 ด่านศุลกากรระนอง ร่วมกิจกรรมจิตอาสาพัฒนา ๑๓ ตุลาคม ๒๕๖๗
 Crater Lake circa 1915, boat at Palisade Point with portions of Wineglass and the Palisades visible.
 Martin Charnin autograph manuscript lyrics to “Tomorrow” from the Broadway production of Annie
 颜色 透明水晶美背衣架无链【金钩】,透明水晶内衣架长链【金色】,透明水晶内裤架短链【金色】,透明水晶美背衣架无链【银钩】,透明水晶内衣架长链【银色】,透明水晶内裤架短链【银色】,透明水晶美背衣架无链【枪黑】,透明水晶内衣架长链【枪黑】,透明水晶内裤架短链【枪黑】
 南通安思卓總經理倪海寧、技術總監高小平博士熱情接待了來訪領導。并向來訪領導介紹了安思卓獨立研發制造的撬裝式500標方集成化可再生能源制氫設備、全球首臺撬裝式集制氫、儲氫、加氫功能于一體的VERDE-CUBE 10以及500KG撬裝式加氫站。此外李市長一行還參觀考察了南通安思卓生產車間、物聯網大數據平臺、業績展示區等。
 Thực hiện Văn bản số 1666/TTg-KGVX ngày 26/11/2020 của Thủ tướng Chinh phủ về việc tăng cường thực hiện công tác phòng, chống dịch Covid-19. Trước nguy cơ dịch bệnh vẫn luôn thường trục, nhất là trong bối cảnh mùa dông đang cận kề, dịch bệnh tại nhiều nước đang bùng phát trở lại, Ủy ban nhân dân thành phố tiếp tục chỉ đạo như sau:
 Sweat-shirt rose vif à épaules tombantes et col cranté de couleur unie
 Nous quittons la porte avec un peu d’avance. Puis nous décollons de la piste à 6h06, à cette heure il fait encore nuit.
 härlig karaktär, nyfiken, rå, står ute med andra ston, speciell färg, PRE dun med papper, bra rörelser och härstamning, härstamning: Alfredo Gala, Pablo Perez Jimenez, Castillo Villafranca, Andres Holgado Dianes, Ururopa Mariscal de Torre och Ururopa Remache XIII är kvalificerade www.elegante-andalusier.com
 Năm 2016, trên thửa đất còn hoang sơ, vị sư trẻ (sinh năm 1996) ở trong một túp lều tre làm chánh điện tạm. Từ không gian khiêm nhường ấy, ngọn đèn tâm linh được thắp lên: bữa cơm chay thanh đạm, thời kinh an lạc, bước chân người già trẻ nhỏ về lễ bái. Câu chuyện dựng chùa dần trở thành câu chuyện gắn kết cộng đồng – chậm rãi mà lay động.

* * * * * * * * *

**WORK REQUEST:** In the data above, start at the line that has "南通安思卓總經理倪海寧、技術", stop after the line that has "Nous quittons la", and print every line in between exactly as it stands.

**SOLUTION TO THIS PROBLEM:**
 南通安思卓總經理倪海寧、技術總監高小平博士熱情接待了來訪領導。并向來訪領導介紹了安思卓獨立研發制造的撬裝式500標方集成化可再生能源制氫設備、全球首臺撬裝式集制氫、儲氫、加氫功能于一體的VERDE-CUBE 10以及500KG撬裝式加氫站。此外李市長一行還參觀考察了南通安思卓生產車間、物聯網大數據平臺、業績展示區等。
 Thực hiện Văn bản số 1666/TTg-KGVX ngày 26/11/2020 của Thủ tướng Chinh phủ về việc tăng cường thực hiện công tác phòng, chống dịch Covid-19. Trước nguy cơ dịch bệnh vẫn luôn thường trục, nhất là trong bối cảnh mùa dông đang cận kề, dịch bệnh tại nhiều nước đang bùng phát trở lại, Ủy ban nhân dân thành phố tiếp tục chỉ đạo như sau:
 Sweat-shirt rose vif à épaules tombantes et col cranté de couleur unie
 Nous quittons la porte avec un peu d’avance. Puis nous décollons de la piste à 6h06, à cette heure il fait encore nuit.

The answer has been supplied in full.